* [Exercise objective]:
Begin at the line that has "The chance that", stop after the line that has "(서울=연합뉴스) 윤동진 기자", and print exactly those lines from the records below, without any pictures.

Segment Start: Input

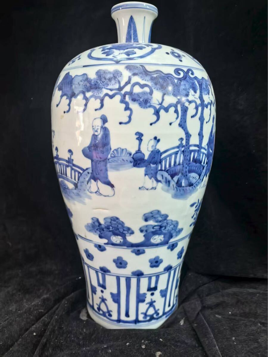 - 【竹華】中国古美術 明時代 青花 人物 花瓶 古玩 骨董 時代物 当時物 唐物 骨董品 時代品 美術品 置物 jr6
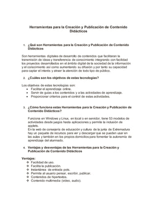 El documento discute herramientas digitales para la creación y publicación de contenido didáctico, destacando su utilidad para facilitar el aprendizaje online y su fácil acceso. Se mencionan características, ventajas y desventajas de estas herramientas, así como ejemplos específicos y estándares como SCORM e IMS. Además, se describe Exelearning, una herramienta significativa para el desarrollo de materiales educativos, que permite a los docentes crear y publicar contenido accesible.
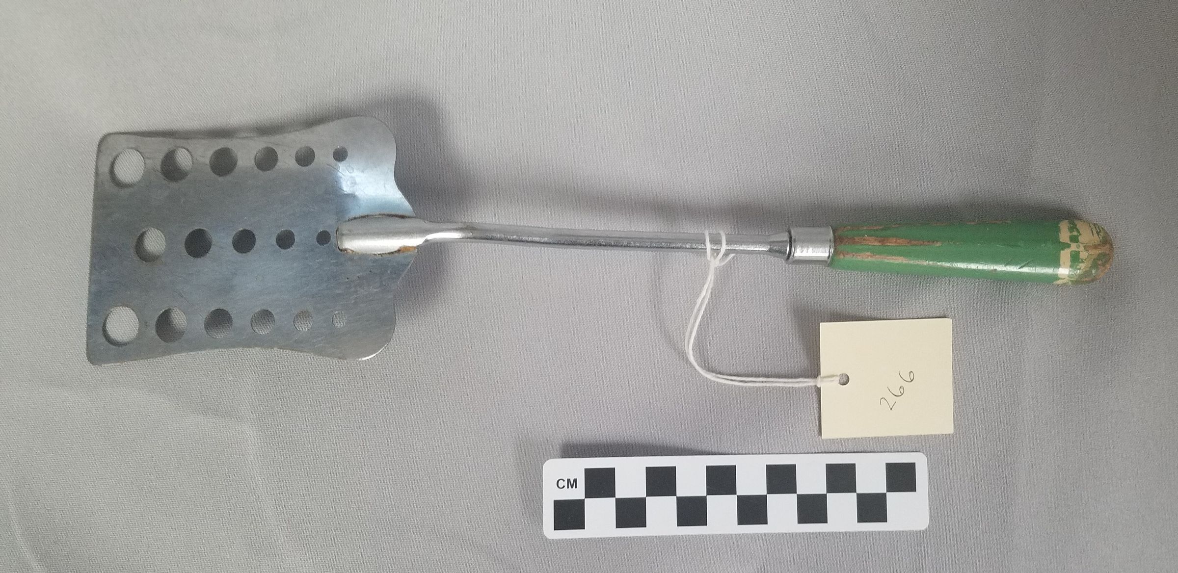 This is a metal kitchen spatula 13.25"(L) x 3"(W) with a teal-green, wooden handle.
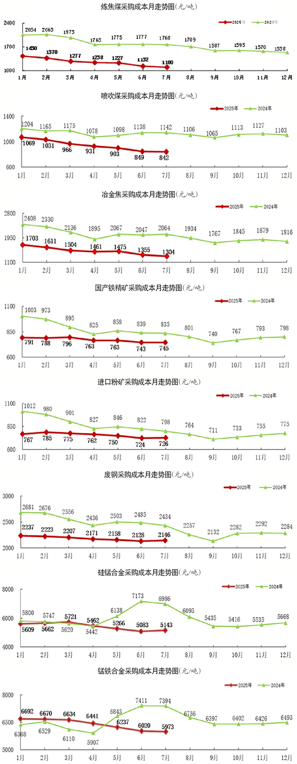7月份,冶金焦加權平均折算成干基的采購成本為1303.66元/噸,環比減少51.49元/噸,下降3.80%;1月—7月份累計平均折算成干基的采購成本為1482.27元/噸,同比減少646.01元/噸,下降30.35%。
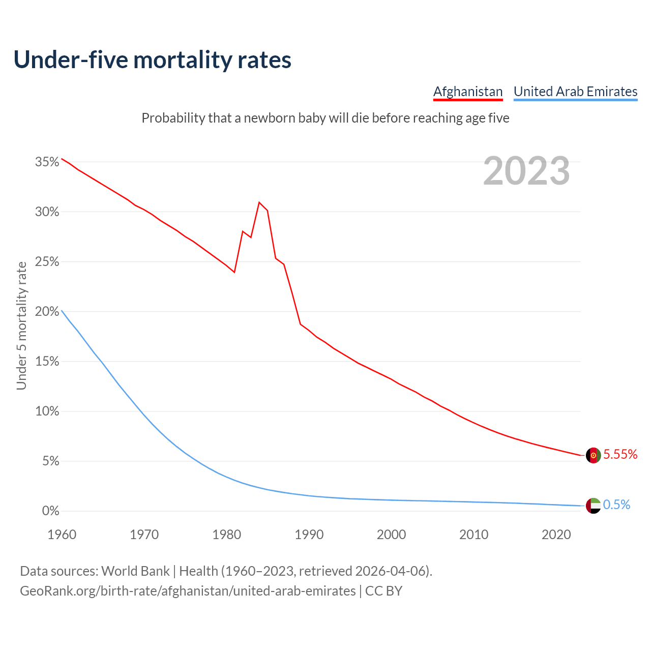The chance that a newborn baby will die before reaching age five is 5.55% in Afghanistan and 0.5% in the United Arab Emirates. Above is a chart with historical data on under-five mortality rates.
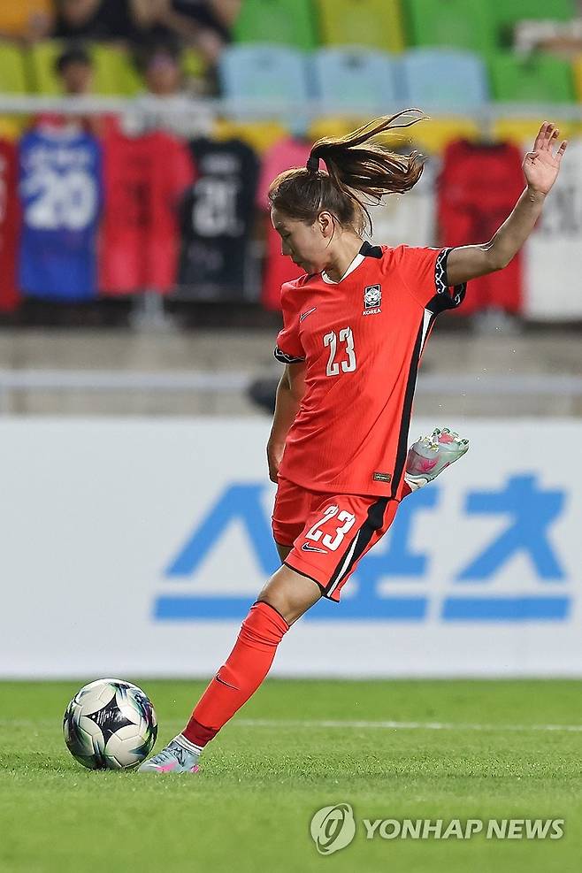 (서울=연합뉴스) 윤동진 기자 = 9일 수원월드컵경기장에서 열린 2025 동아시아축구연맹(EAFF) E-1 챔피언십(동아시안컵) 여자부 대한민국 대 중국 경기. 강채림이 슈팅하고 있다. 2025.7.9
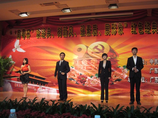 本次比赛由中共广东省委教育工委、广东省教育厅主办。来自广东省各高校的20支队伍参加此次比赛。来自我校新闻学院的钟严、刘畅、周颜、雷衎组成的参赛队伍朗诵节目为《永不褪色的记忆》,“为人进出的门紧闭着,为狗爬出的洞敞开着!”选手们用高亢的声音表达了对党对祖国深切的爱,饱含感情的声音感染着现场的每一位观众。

Segment End: Input

* [Exercise response]:
The chance that a newborn baby will die before reaching age five is 5.55% in Afghanistan and 0.5% in the United Arab Emirates. Above is a chart with historical data on under-five mortality rates.
 (서울=연합뉴스) 윤동진 기자 = 9일 수원월드컵경기장에서 열린 2025 동아시아축구연맹(EAFF) E-1 챔피언십(동아시안컵) 여자부 대한민국 대 중국 경기. 강채림이 슈팅하고 있다. 2025.7.9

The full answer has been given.